Oh, I wish I could share the scent of these astonishing flowers with you. How the sense of smell conjures up such vivid memories and experiences. Hyacinths are the only flowers which provoke my mind to recall poetry. I’m not saying I don’t think of lines from poems in other circumstances. It’s just that hyacinths, specifically, start a passage¬†of poetry in my mind every single time….in much the same way as a few notes of music will transport me back to a particular time and place.

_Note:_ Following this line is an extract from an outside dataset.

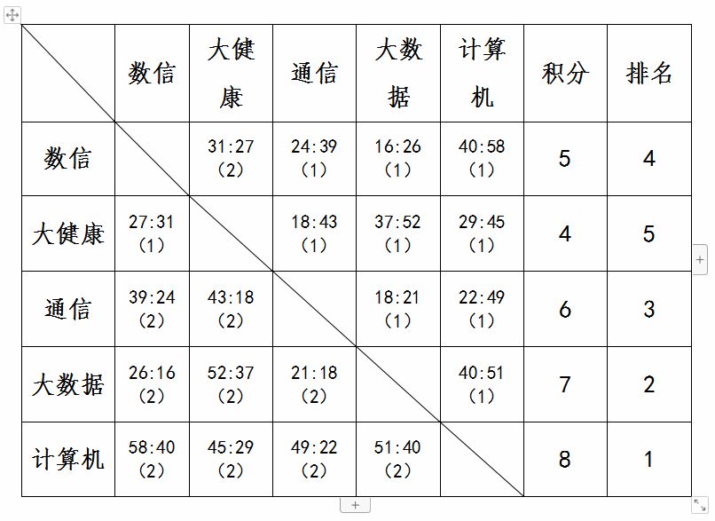 重庆移通学院綦江校区第二届“新生杯”系列赛篮球赛小组赛已结束,现公示小组赛成绩及积分表
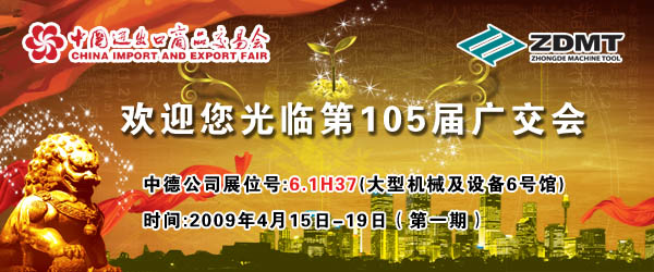 中德機(jī)床將參加第105屆春季廣交會,具體時(shí)間和地點(diǎn)是廣交會一期,4月15—4月19日,琶洲館大型設(shè)備及機(jī)械展區(qū)(6號館),展位號 6.1H37。歡迎各位新老客戶光臨。

Here’s what I hear in my head when I smell the hyacinths –

‘You gave me hyacinths first a year ago;

“They called me the hyacinth girl.’

_ Yet when we came back, late, from the hyacinth garden,

Your arms full, and your hair wet, I could not

Speak, and my eyes failed, I was neither

Living not dead, and I knew nothing,

Looking into the heart of light, the silence.

Do you know that poem?

I’ve never seen her, the hyacinth girl, her arms full and her hair wet, but I swear I have. Yet I couldn’t describe her to you. I’ve never seen her physically…and that’s what’s most interesting about this for me. I have a deep knowledge of seeing her, but I’ve never seen her. I have the feeling of the experience of seeing her, but I’ve never seen her.

But I have seen the hyacinths….and every time, they still my soul and I’m “looking into the heart of light, the silence.”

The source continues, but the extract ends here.